When to Start Heparin Drip After TNK
Start unfractionated heparin (UFH) infusion immediately after completing the TNK bolus, with a 60 U/kg IV bolus (maximum 4000 U) followed by 12 U/kg/h infusion (maximum 1000 U/h), targeting an aPTT of 50-70 seconds or 1.5-2.0 times control. 1, 2, 3
Dosing Algorithm
The standard approach for heparin after fibrinolytic therapy follows this sequence:
- Initial bolus: 60 U/kg IV (maximum 4000 U)
- Continuous infusion: 12 U/kg/h (maximum 1000 U/h)
- Target aPTT: 50-70 seconds (1.5-2.0 times control)
- Duration: 24-48 hours or until revascularization 1, 2, 3
Monitor aPTT at 3,6,12, and 24 hours after starting treatment to ensure therapeutic anticoagulation 1, 3.
Timing Considerations
The heparin infusion should begin immediately following TNK administration—there is no waiting period. 1, 2 The 2013 ACC/AHA STEMI guidelines explicitly state that UFH should be started as adjunctive therapy to support fibrinolytic reperfusion, with the bolus and infusion initiated right after the thrombolytic 2.

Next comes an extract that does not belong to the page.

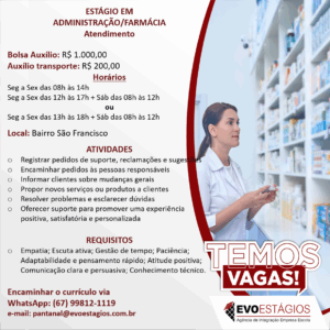 Evo Estágios está com vaga aberta para estágio Administração/Farmácia atendimento.

Alternative Anticoagulant Options
If UFH is not suitable, consider these alternatives with fibrinolytic therapy:
Enoxaparin (preferred over UFH in some guidelines):
- Age <75 years: 30 mg IV bolus, then 15 minutes later start 1 mg/kg SC every 12 hours (maximum 100 mg for first two doses)
- Age ≥75 years: No IV bolus; start with 0.75 mg/kg SC every 12 hours (maximum 75 mg for first two doses)
- Creatinine clearance <30 mL/min: 1 mg/kg SC every 24 hours
- Duration: Up to 8 days or until revascularization 1, 2
Fondaparinux:
- 2.5 mg IV bolus followed by 2.5 mg SC once daily
- Duration: Up to 8 days or hospital discharge
- Contraindicated if creatinine clearance <30 mL/min 1, 2
Critical Caveats
Do not delay heparin for 24 hours after TNK—this is a common misconception. The 24-hour restriction applies to antiplatelet agents other than aspirin (like clopidogrel loading doses >300 mg in elderly patients), not to heparin 1, 2. Heparin is essential for maintaining vessel patency after thrombolysis and preventing reocclusion 3.
If the patient proceeds to PCI after fibrinolysis: Adjust heparin dosing based on timing of last dose and whether GP IIb/IIIa inhibitors are used. For patients already on UFH, give additional boluses as needed during PCI (50-60 U/kg if using GP IIb/IIIa inhibitors; 70-100 U/kg without) 1, 2.
Monitor for heparin-induced thrombocytopenia (HIT): If heparin continues beyond 5 days, platelet counts must be monitored due to HIT risk 4.
The evidence strongly supports immediate anticoagulation with heparin following fibrinolytic therapy to prevent reocclusion and improve outcomes in STEMI patients 1, 2, 3.